The "Y" files
Not everyone believes in chance—the fortuitous
twist of fate that takes a person down an unforeseen
path. David Page
believes in chance. For him, fate came along on the
tip of a light brown wooden toothpick.
Page was a first-year medical student and research
assistant in Cambridge, Massachusetts, in 1979 when
he signed up for a study to map all the genes in the
human body. (Seven years later, this effort would become
known as the Human Genome Project.) His first task was
to analyze thousands of recombinant DNA clones, searching
for those most suitable for study. Each clone was selected
randomly, and rather unceremoniously, from a sea of
thousands. The instrument used for this scientific experiment:
a toothpick.
It was summertime and Page was spending hours in the
lab, waving a toothpick above trays of DNA clones, choosing
one, examining it, and choosing another. One afternoon
in particular stands out in his memory. What ended up
on the bottom of his toothpick that day was a clone
of DNA shared by the X and Y chromosomes—the sex
chromosomes whose combination determines whether a human
is male or female. He examined the clone, pondering
its potential for his project, just as he had done with
dozens of others. It’s only in hindsight, 24 years
later, that the magnitude of that random selection became
clear.
“When people ask how I picked the Y chromosome
for my research, I often say, ‘I didn’t.
It picked me,’” Page says. “If I hadn’t
picked that clone out of hundreds of thousands I’d
probably be a cardiologist.”
"The idea of the Y as a shiftless, no-good
degenerate chromosome is entirely too appealing
and attractive to resist for reasons that have little
to do with science and lots to do with sexual politics."
David Page |
Not a cardiologist, but a scientist at Whitehead Institute
and an investigator with Howard Hughes Medical Institute,
Page is considered to be among the world’s leading
experts
on the Y chromosome, the defining biological determinant
that makes males male. In 1992, his lab announced the
first successful cloning of a human chromosome—the
Y chromosome—and in June of this year, he led
a team that published the complete sequence of the Y
on the cover of Nature, work that offers not only a
road map for scientists who study male infertility,
but also casts doubt on a decades-old theory that destined
the Y to extinction.
And it all began with a fateful stab of a tiny wooden
stick.
The Y’s demise
Scientists marvel at the nuances of the human genome,
the mysterious alphabetical configurations of DNA and
the construction of cells and genes and chromosomes
that work together to help us live, reproduce, and evolve.

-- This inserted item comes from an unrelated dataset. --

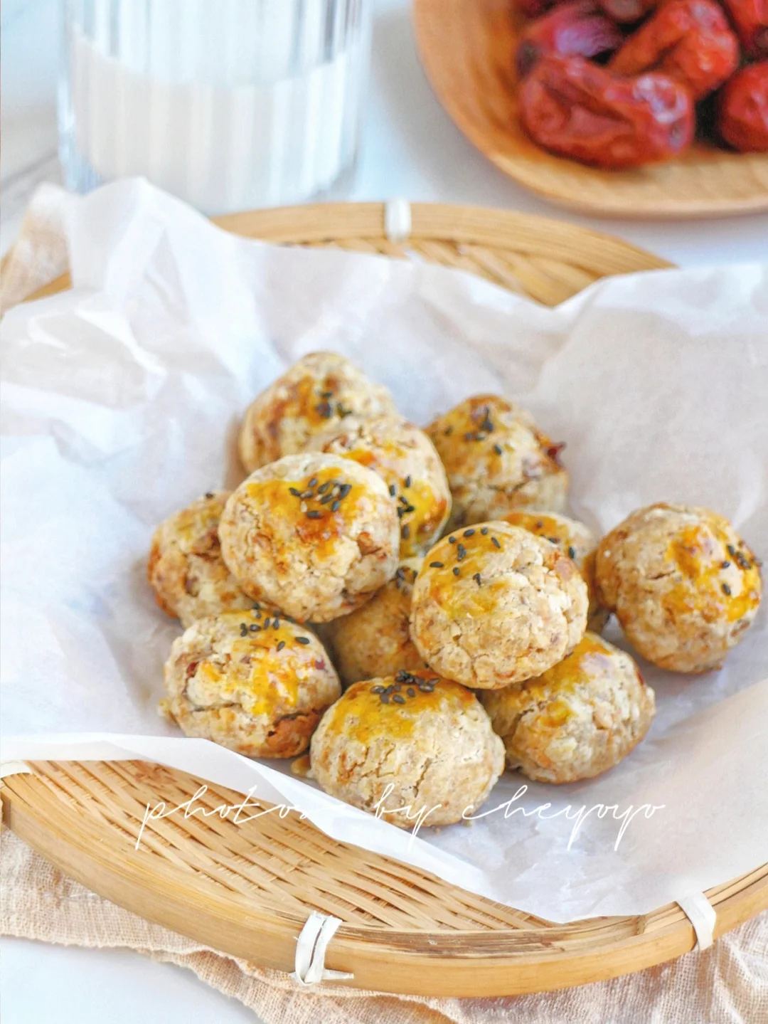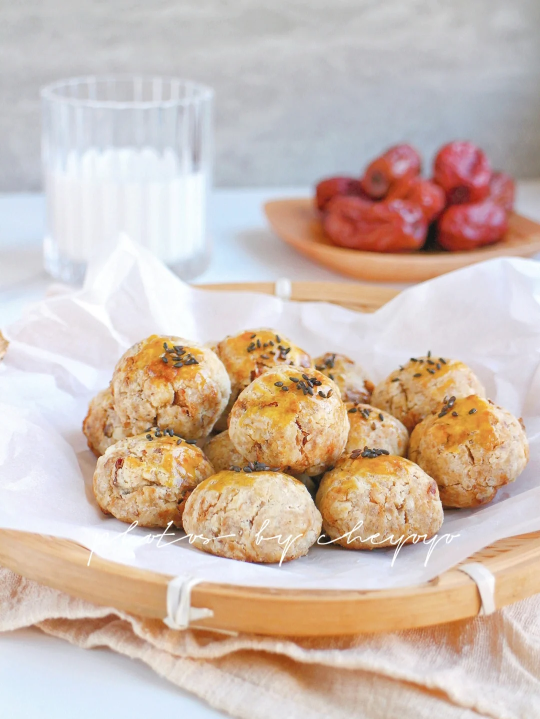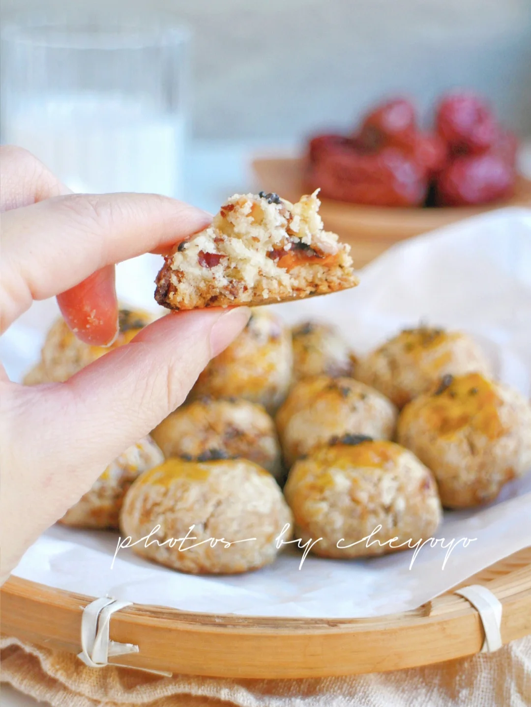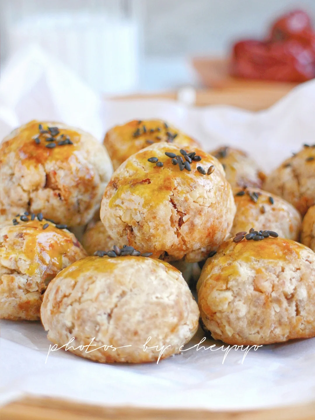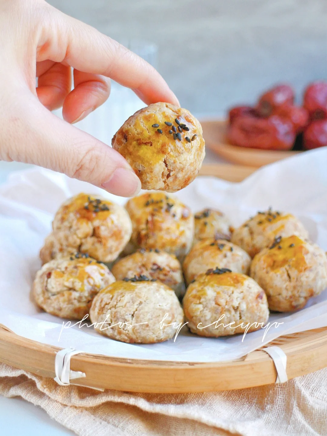 全家都爱吃的核桃红枣酥,一口一个好吃停不下!还有一种做法是加全蛋液,口感要脆一些。但我还是觉得不加蛋液要更酥更好吃~[派对R]

At the heart of human evolution is the body’s
ability to repair genetic flaws through a process called
sexual recombination.
All humans receive a set of chromosomes from Mom and
a matching set from Dad. Over the course of many generations,
chromosomal pairs can swap damaged genes for good ones
and fill in gene sequences that may be missing on one
chromosome but present on its mate. This swap—called
recombination—doesn’t fix all damaged or
missing gene sections. It’s up to natural selection
to eliminate those that make it through without repair.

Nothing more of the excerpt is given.